### Material provided
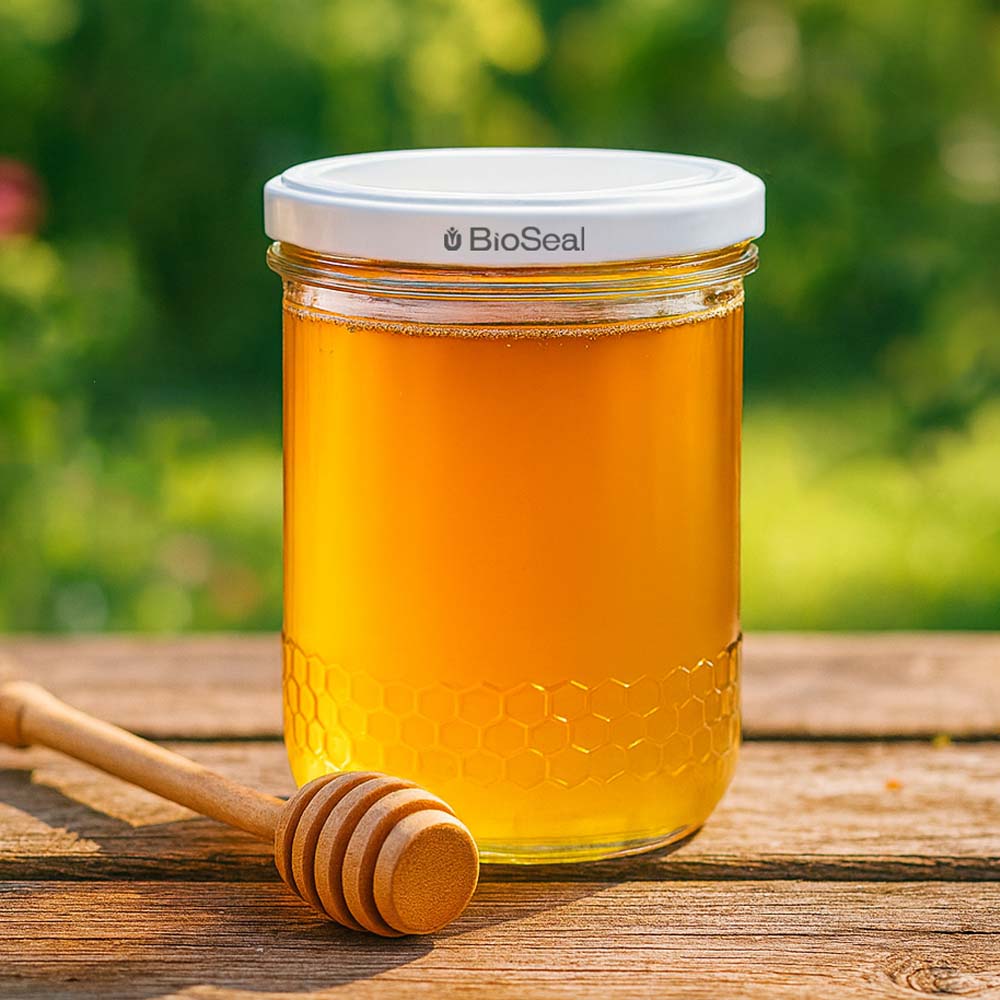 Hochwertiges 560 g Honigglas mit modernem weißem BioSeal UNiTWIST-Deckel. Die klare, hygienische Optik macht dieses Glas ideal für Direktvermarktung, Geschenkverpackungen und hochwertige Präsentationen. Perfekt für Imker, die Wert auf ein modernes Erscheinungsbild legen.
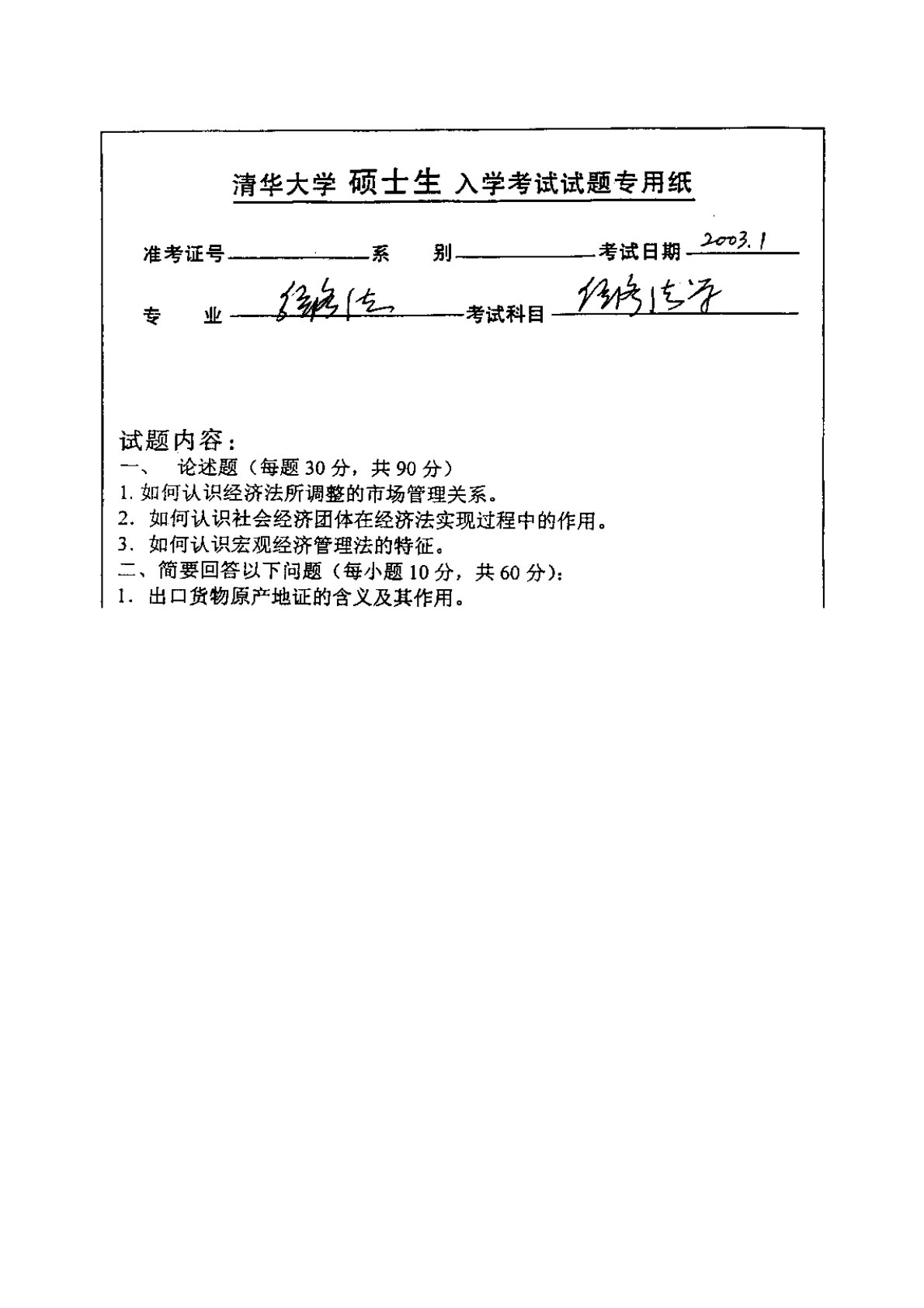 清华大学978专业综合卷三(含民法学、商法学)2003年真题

--

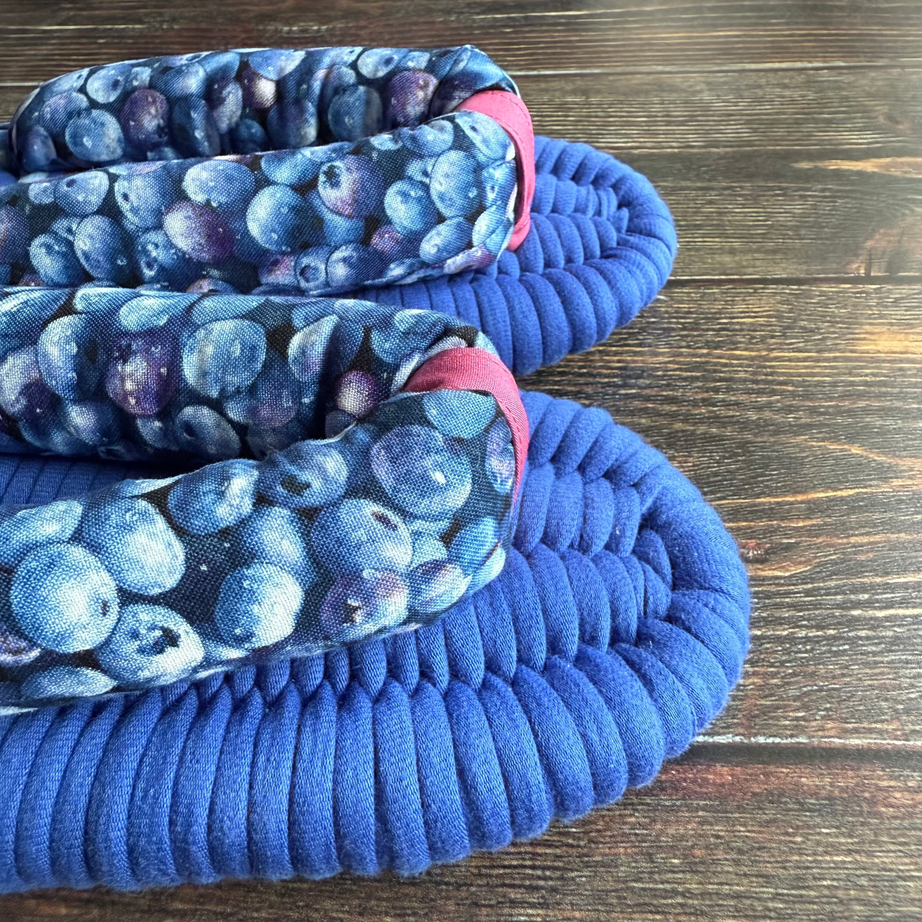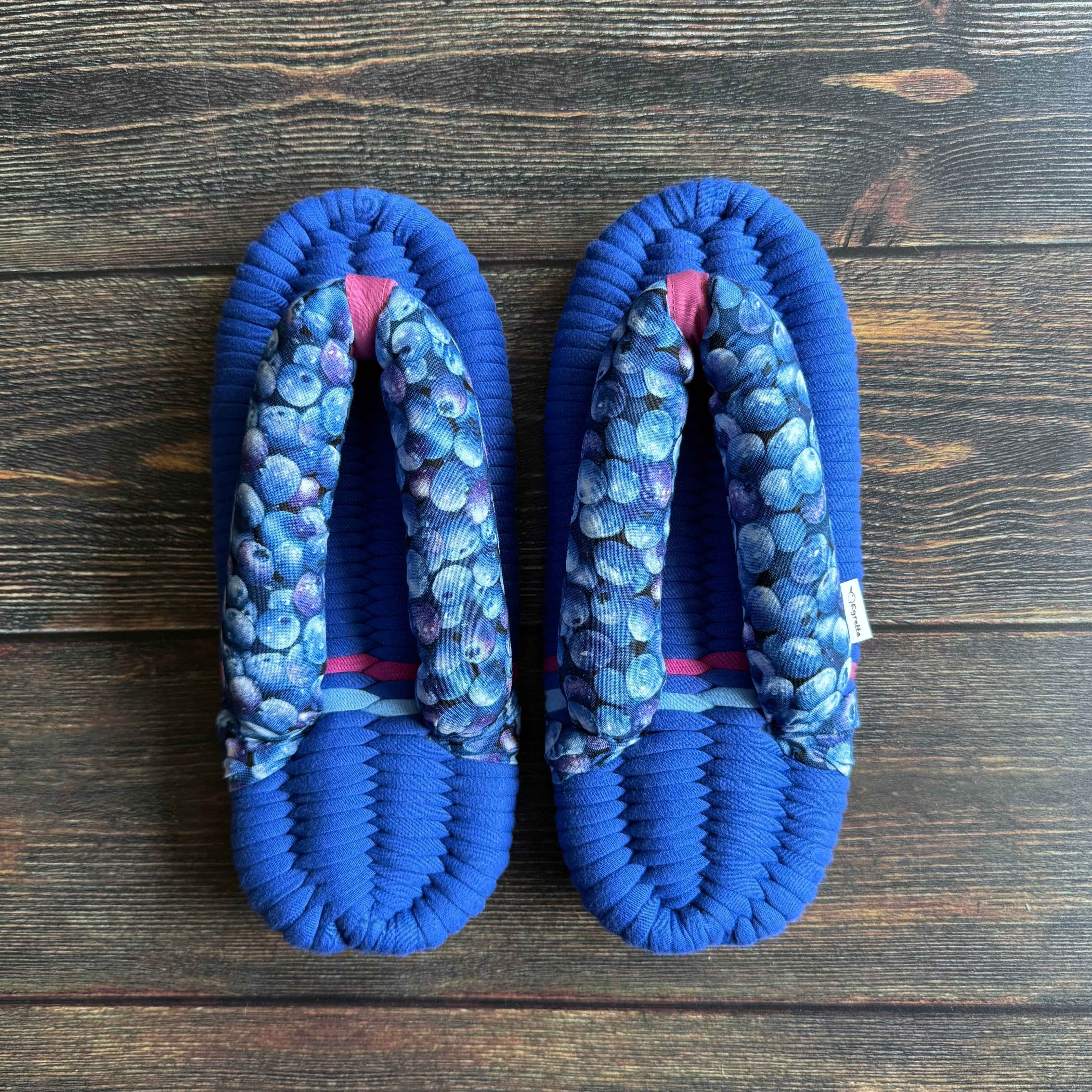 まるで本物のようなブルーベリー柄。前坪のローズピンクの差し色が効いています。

### Task directions
Range to print from the listing above: from the line with "Hochwertiges 560 g" up to and including the line with "清华大学978专业综合卷三(含民法学、商法学)2003年真题". Please print those lines exactly, with no pictures and nothing more.

### Result
 Hochwertiges 560 g Honigglas mit modernem weißem BioSeal UNiTWIST-Deckel. Die klare, hygienische Optik macht dieses Glas ideal für Direktvermarktung, Geschenkverpackungen und hochwertige Präsentationen. Perfekt für Imker, die Wert auf ein modernes Erscheinungsbild legen.
 清华大学978专业综合卷三(含民法学、商法学)2003年真题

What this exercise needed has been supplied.